Because feedstock is the majority of cost, a producer locked to one feedstock loses most of its margin when that feedstock spikes; in our model a $300/t spike cuts a HEFA margin by nearly two-thirds. A producer that can switch feedstocks, flex its co-product slate, and span oil-linked and power-linked routes protects its margin. Optionality is the moat.
Does the high 2026 oil price help SAF?
Broadly yes, because SAF competes against oil-linked fossil jet. But HEFA feedstock is itself partly oil-linked (waste oils compete with renewable diesel), so a HEFA producer is squeezed on both sides, while power-to-liquid is oil-immune. A portfolio across both hedges crude volatility.
How does carbon intensity affect SAF margins?
Under credits like the US 45Z and California LCFS, payment scales with how low the fuel’s lifecycle carbon intensity is, so feedstock and process choices that lower CI raise credit revenue per gallon. Gevo, for example, estimates a six to seven point CI reduction is worth about $0.10 a gallon in 45Z credits, and targets a negative carbon score by pairing low-CI ethanol with carbon capture. The credit can become a meaningful share of margin, which makes carbon intensity a feedstock decision, not just an accounting one.
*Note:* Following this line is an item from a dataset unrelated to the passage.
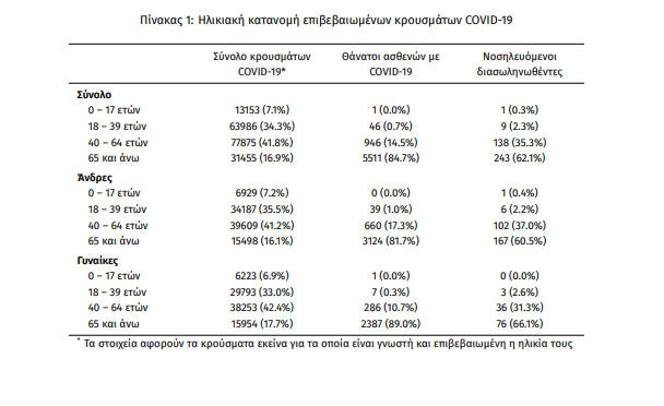 Ο αριθμός των ασθενών που νοσηλεύονται διασωληνωμένοι είναι 391 (70.6% άνδρες). Η διάμεση ηλικία τους είναι 68 έτη. To 84.4% έχει υποκείμενο νόσημα ή/και ηλικία 70 ετών και άνω. Από την αρχή της πανδημίας έχουν εξέλθει από τις ΜΕΘ 1.341 ασθενείς. Οι νέες εισαγωγές1 ασθενών Covid-19 στα νοσοκομεία της επικράτειας είναι 291 (ημερήσια μεταβολή -15.90%). Ο μέσος όρος εισαγωγών του επταημέρου είναι 290 ασθενείς. Hλικιακή κατανομή: Η διάμεση ηλικία των κρουσμάτων είναι 44 έτη (εύρος 0.2 έως 105 έτη), ενώ η διάμεση ηλικία των θανόντων είναι 79 έτη (εύρος 15 έως 103 έτη).

Methodology: SAF pathway costs on public 2026 ranges (HEFA ~$1,700-2,300/t; UCO 50-70% of cost; PtL ~$4,000-6,000/t near term). Margin-shield and HEFA-wall figures are illustrative, calibrated to disclosed feedstock prices and the ReFuelEU mandate trajectory; assumptions are Trident’s framework. Fossil jet ~$850/t at ~$87 Brent. Sources: IATA Global Feedstock Assessment to 2050; RMI; S&P; ScienceDirect HEFA review; ReFuelEU / Transport & Environment; Project SkyPower; Gevo Q1 2026 earnings & releases. Analysis, not investment advice.